But some have refused to take notice of Wikipedia as containing reliable facts due to the unverified nature of content therein. In 2008, at least three courts rejected evidence from Wikipedia as unreliable.

In Flores v. State, No. 14-06-813 (Tex. Crim. App., Oct. 23, 2008) (13 ECLR 1439, 11/12/08), a convicted criminal defendant asserted that a trial court wrongfully excluded evidence concerning an interrogation technique, which the defendant claimed could result in false confessions.

The defendant urged the court to take judicial notice of information posted on Wikipedia about the technique, but the court declined, saying Wikipedia’s greatest weakness was the fact that anyone could edit it anonymously.

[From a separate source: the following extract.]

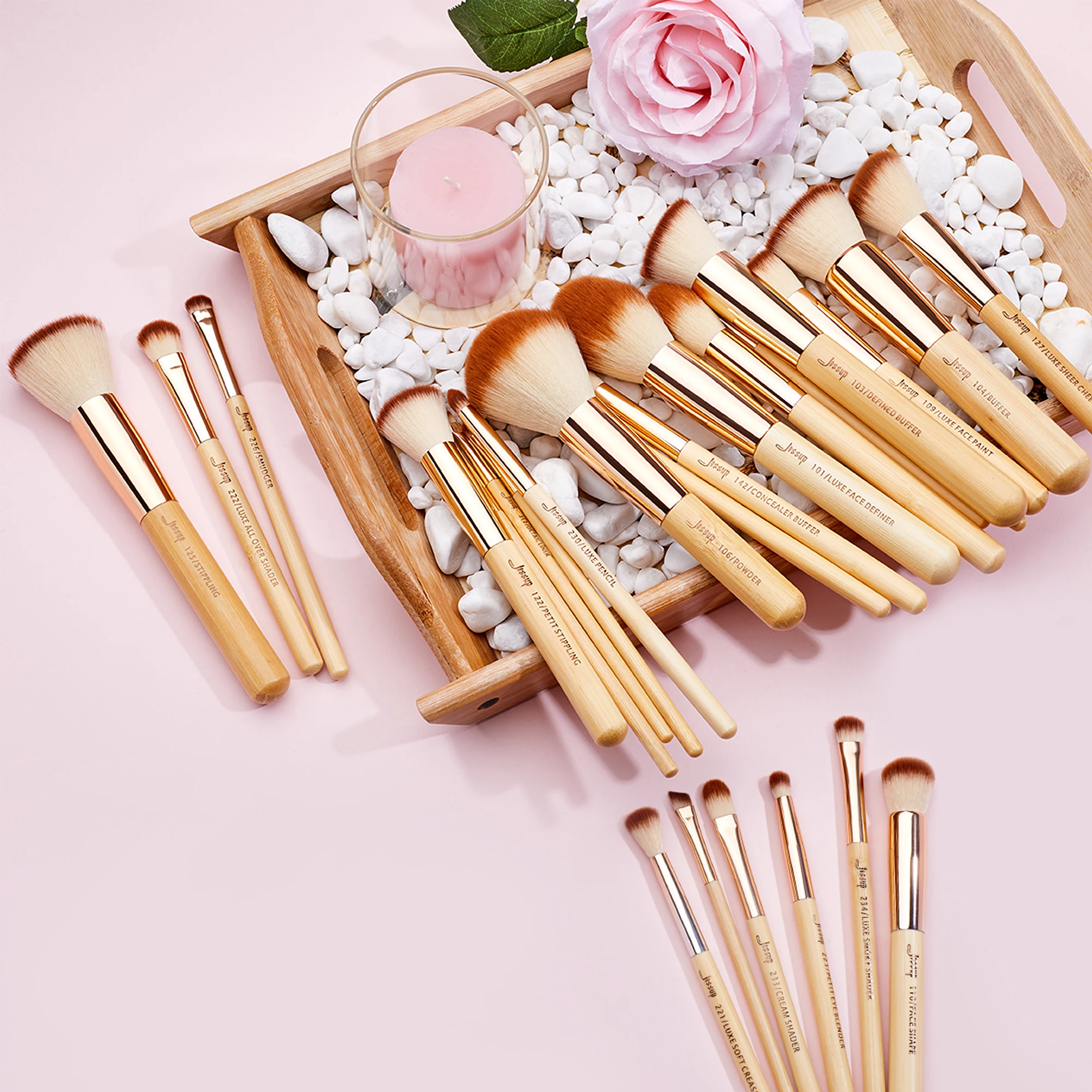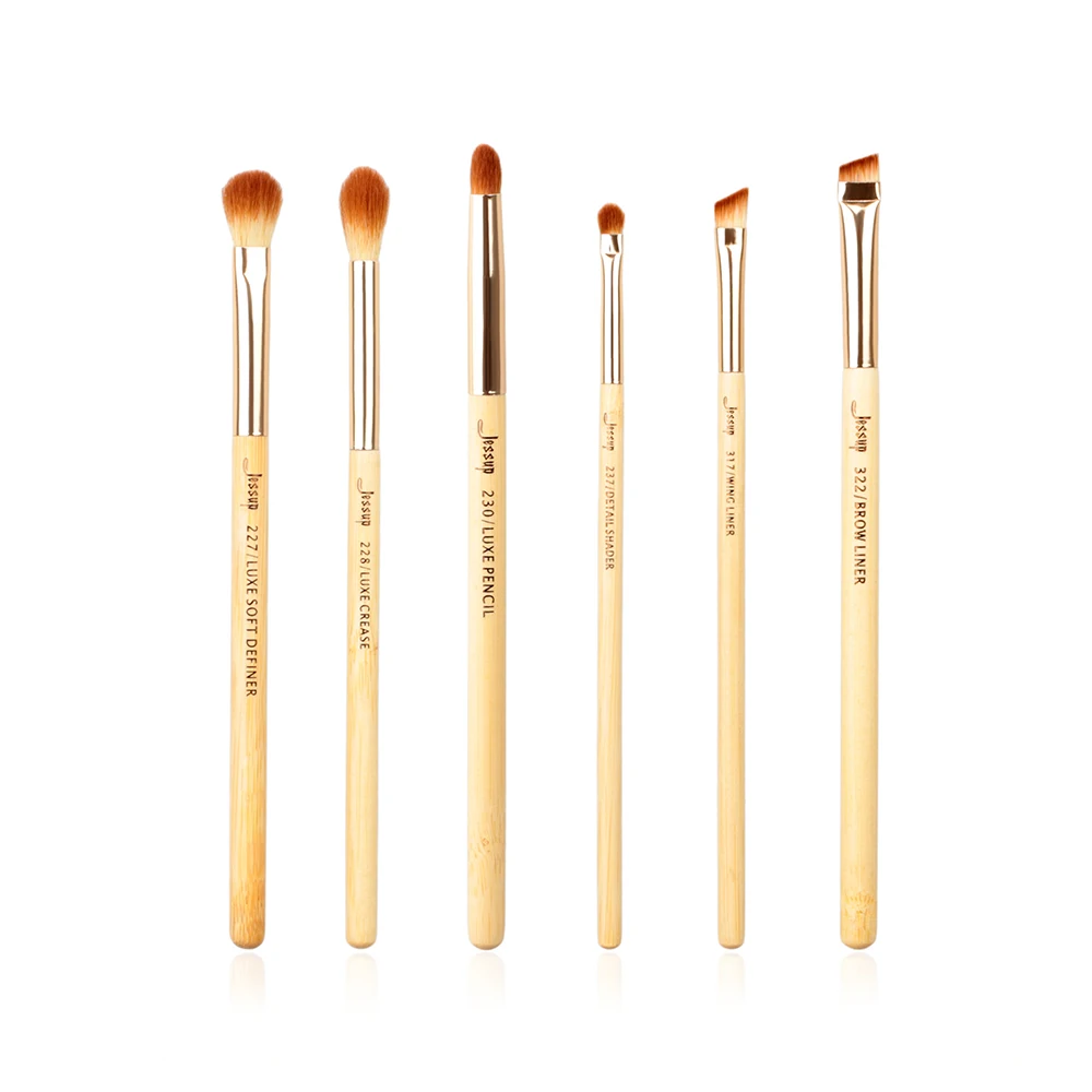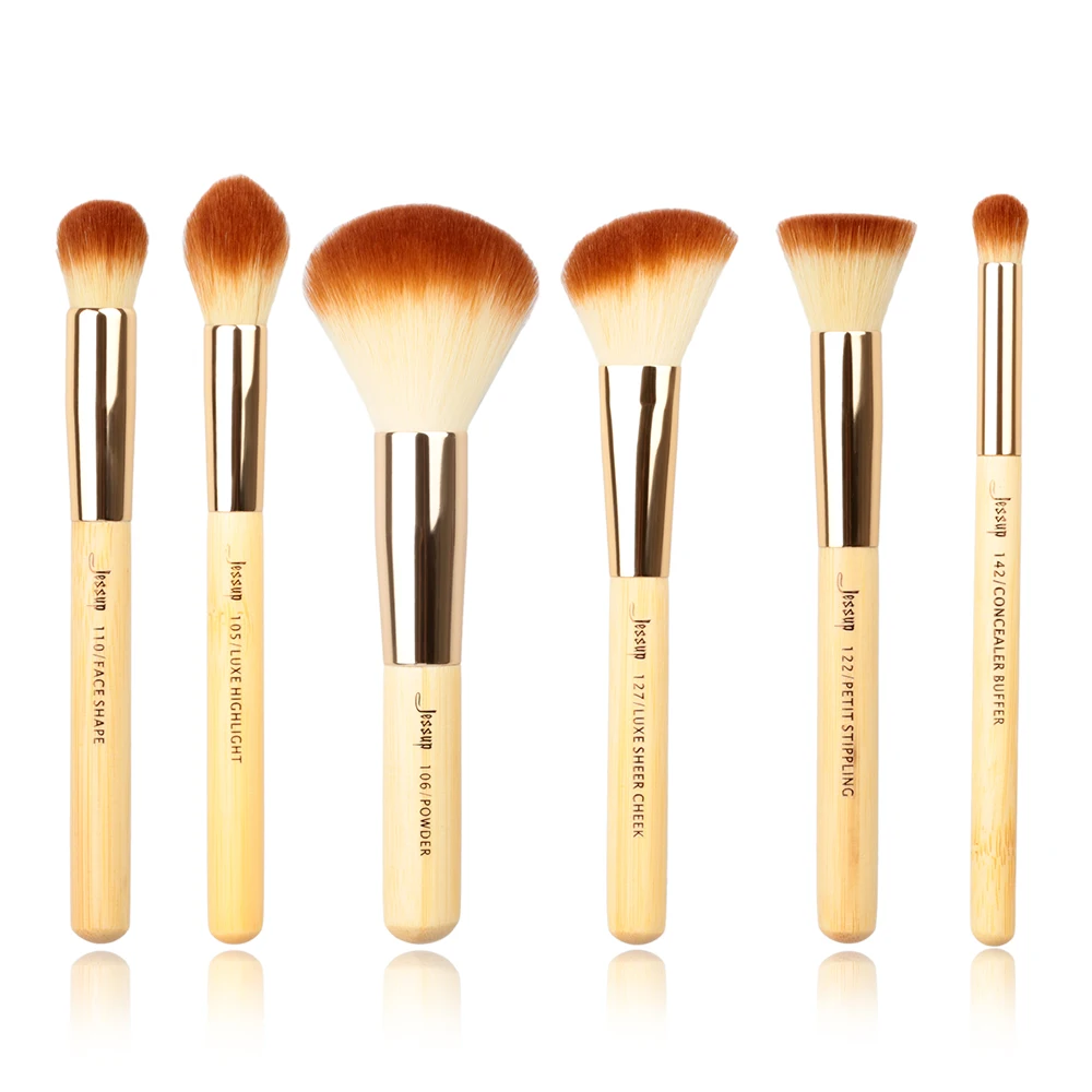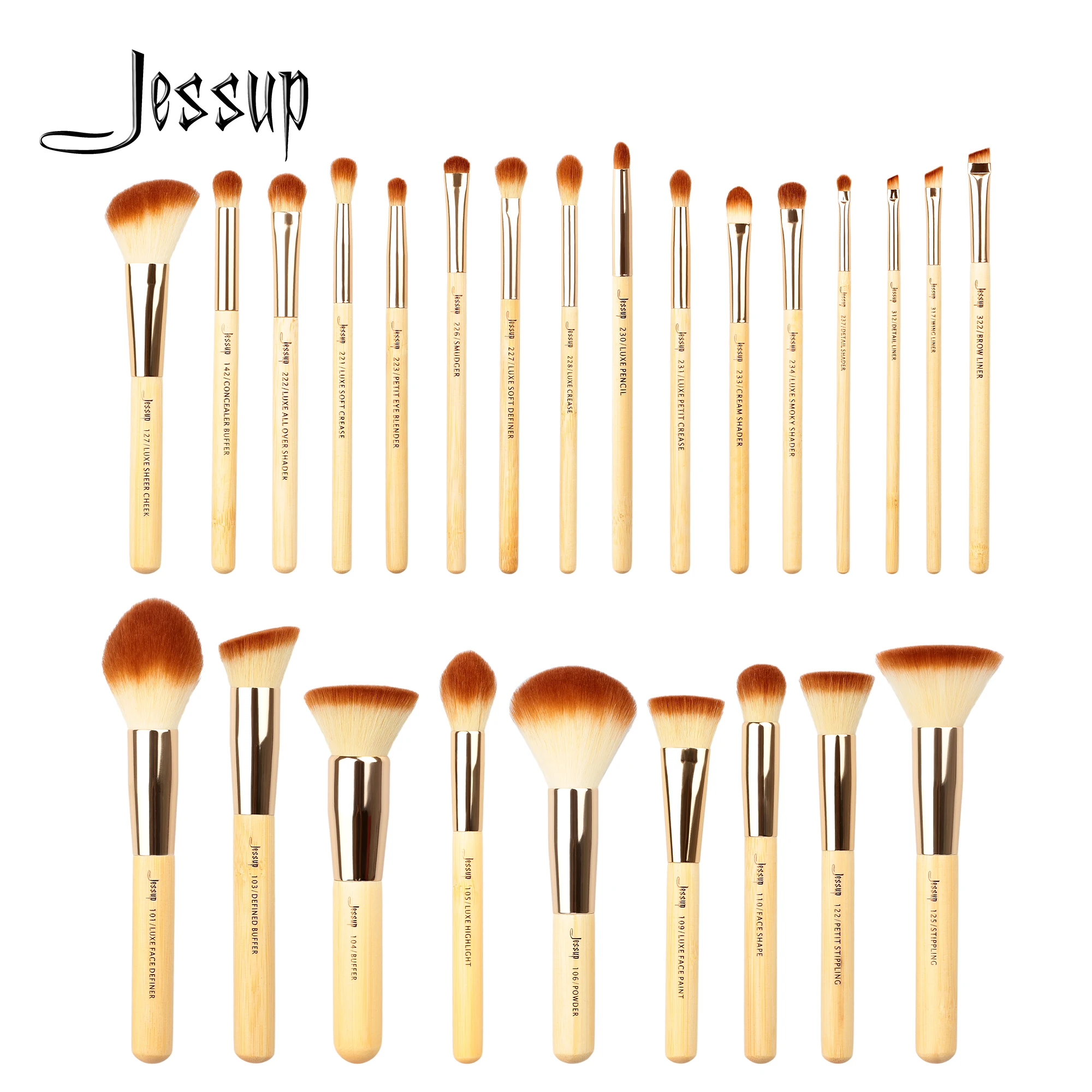 Jessup кисти для макияжа набор Кисть для нанесения основы под макияж пудра карандаш для век теней для макияжа, косметический инструмент 6-25 шт из бамбука

The U.S. District Court for the District of Missouri declined to take judicial notice of a Wikipedia entry May 14, ruling that entries on Wikipedia were not “generally known” and could not properly be the subjects of judicial notice on a motion to dismiss. Cynergy Ergonomics Inc. v. Ergonomic Partners Inc., No. 08-243 (D. Mo. May 14, 2008)(13 ECLR 919, 7/2/08).

The defendants had requested the court take notice of the entry, which included information about Leonardo Da Vinci’s “Vitruvian Man,” as well as a list of Web sites using the work as a symbol, as part of its defense that its use of the symbol was not likely to cause confusion between the parties’ products.

Todd Hamby, of Capes, Sokol, Goodman & Sarachan, in St. Louis, who asked the court to take notice of the Wikipedia content, told BNA that, in certain circumstances, content from Wikipedia could prove more useful as subject matter for judicial notice than paper encyclopedias or other references, because it is frequently updated and can cross-link to a variety of sources, in a way that paper materials may not.

“What we were trying to do was to show the mark was well-known, by referencing a Wikipedia entry that directed the court to several well-known sources such as books and European coins, that incorporated the mark and whose accuracy could not reasonably be questioned.” Courts should, of course, be cautious about what material they admit, Hamby said, but in “appropriate circumstances” should be willing to consider references from sites like Wikipedia. He said more editorial fact-verification could lend credibility to emerging sources in courts’ eyes.